Где стены сделаны из неба...
Я сидел за кухонным столом, заваленным дорогим моему сердцу барахлом: кусками свинца, катушками лески и спичечными коробками с крючками и самозабвенно сооружал хитрую рыболовную снасть, известную под странным названием «самодур». Предстояла первая в моей жизни морская рыбалка, а по уверениям знакомых рыбаков ставрида на Черном море берет исключительно только на этот самый «самодур».
На кухню вбежал мой внук, трехлетний пацан, ни на минуту неумолкающий непоседа, отчаянно похожий на меня (разве что без бороды) и, взобравшись на стул, тут же потянулся своими ручонками к острому, кованому крючку-тройнику. Что в конце концов, получится из этого мальчишки, я боюсь даже предполагать, но уже сейчас он умудряется одновременно делать до шести дел. Вчера, например, внук за минут пять сумел: съесть тарелку макарон «по-флотски», громко рыча крутить руль воображаемой машины, отстучать ложкой некий дикий марш, спеть только что сочиненную песенку про свою младшую сестренку и с набитым ртом, при помощи подмигивания сразу обоими глазами выпросить у меня еще один кусок пастилы...
...- Деда, а деда... Давай сыграем в шашки...
Я вздохнул, грустно простившись со своими рыболовными снастями и, оттягивая время, отослал его из кухни:
- Ладно, иди, ищи доску. Она там, в спальне на этажерке...
Внука сдуло ветром, но уже через минуту грохот падающей мебели и громкий обиженный рев мальчишки заставил меня срочно броситься ему на выручку.

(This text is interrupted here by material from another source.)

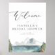 Esta placa de boas-vindas para chá de panela apresenta uma cena de lago em montanha em aquarela com pinheiros e uma fonte de letra elegante. Altere facilmente a *maioria* das palavras para combinar com as necessidades do seu evento.
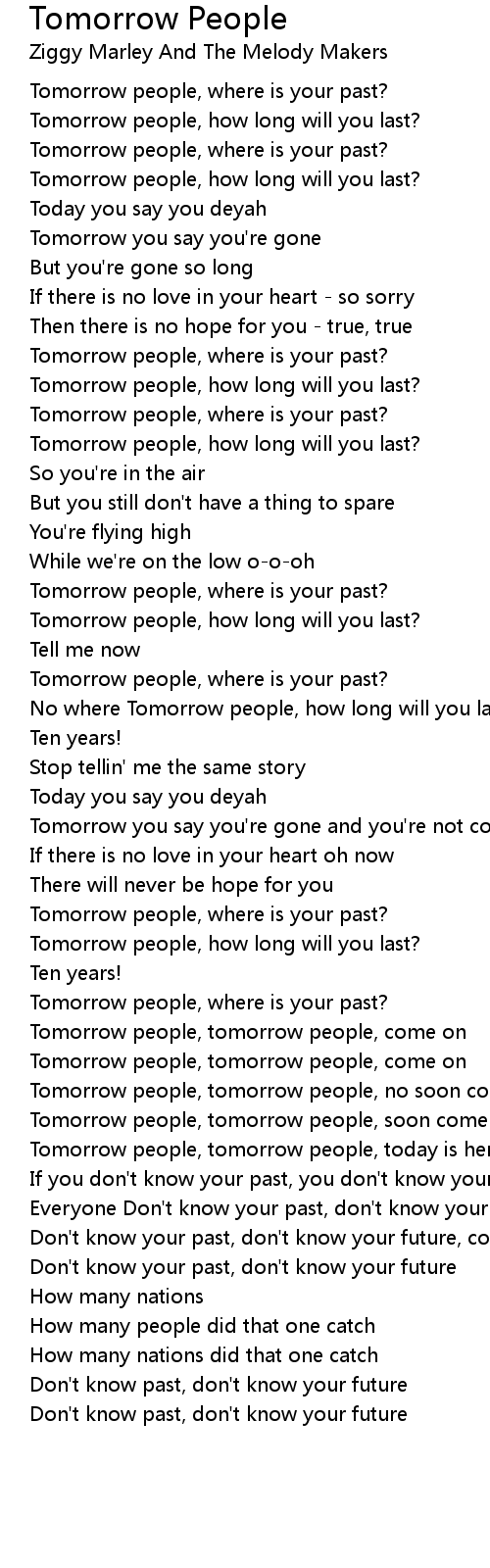 Tomorrow people, tomorrow people, no soon come |

Этажерка ,естественно, валялась на боку, но внук уже забыв про свой страх, с интересом рассматривал пожелтевшие фотографии, выпавшие из нашего старого, семейного альбома. Вот моя мать, совсем еще молодая, в белом халате и наполненным шприцом, старательно не смотрит в объектив фотоаппарата. А вот и отец, красивый черноволосый, кудрявый мужик, которого евреи считали за еврея, армяне за армянина, а цыгане заговаривали с ним на своем, цыганском языке...А вот и я со своим братом, держим флажки и радуемся чему-то...Вокруг подвыпившие мужики и веселые женщины, транспаранты и знамена...Демонстрация по поводу седьмого ноября...Брат...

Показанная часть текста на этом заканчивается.